Other names which have been mentioned include Alan Budd, chief economic adviser at the Treasury, and Nick Stern, chief economist at the European Bank for Reconstruction and Development, but no decision will be made before the school's court meets in three weeks' time.

Dr Ashworth recently wrote in the Independent that he was leaving because of the university system's refusal to face up to its problems, but yesterday he did not think his job would be hard to fill.

"I am sure there will be hundreds of people who want the job. It might not be as good as it could be but it is certainly better than most," he said.

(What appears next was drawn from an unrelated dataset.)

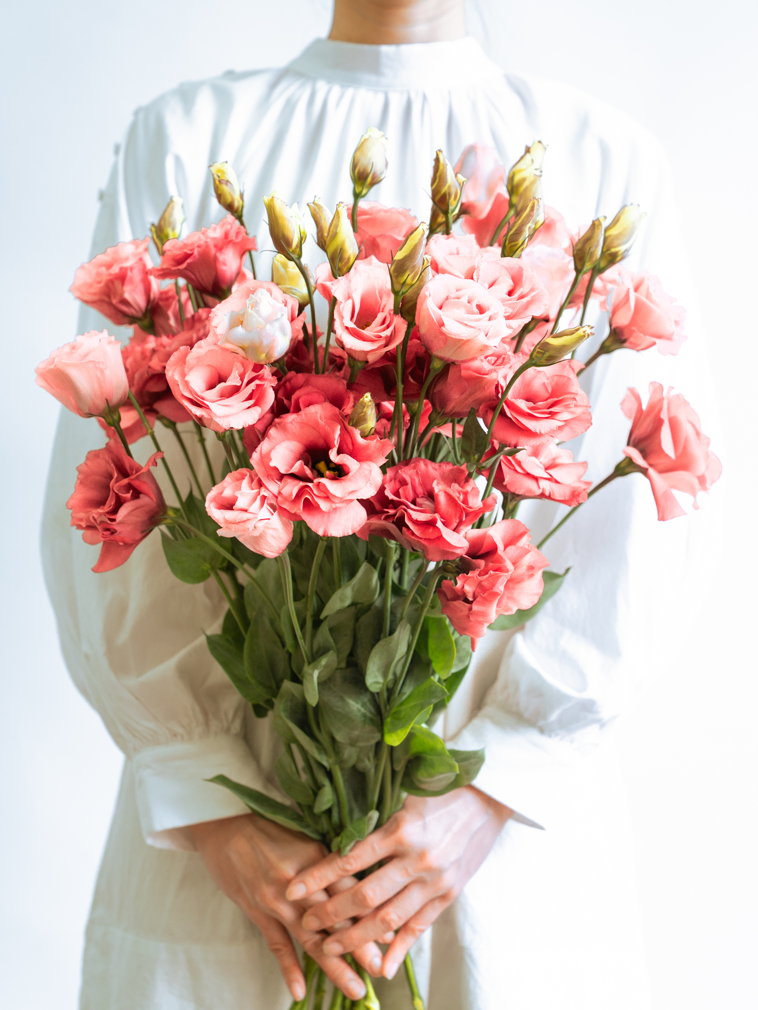 入荷した花は1本ずつ丁寧に水揚げ処理を行い、発送までしっかり管理。斜め切り・ハンマー叩きなど、花に合わせた水揚げを行います。届いた瞬間から、美しく咲く準備が整った状態でお届けします。

Contenders for the succession

Dr John Ashworth

Present director of LSE. His six-year term ends in September. No definite plans for the future. Former Salford University vice-chancellor and Professor of Biology at Essex. Failed to introduce top-up fees at LSE and to buy County Hall as its new home.

George Walden

MP for Buckingham. Disaffected former minister, who will quit Parliament at the next election. No links with LSE, but was an education minister in 1984-87. Not afraid of controversy - recently called for reintroduction of direct-grant schools.

Raymond Seitz

Senior managing director with the merchant bankers Lehman Brothers. Former American ambassador to UK. Floated for LSE job but said to be not interested. Member of the great and good, he is a trustee of the National Gallery.

Alan Budd

Chief economic adviser to Treasury. Former Professor of Economics at the London Business School. Denies he has been approached by LSE and says he is happy where he is. A graduate of the LSE. There have been rumours he might leave the Treasury next year when he turns 60.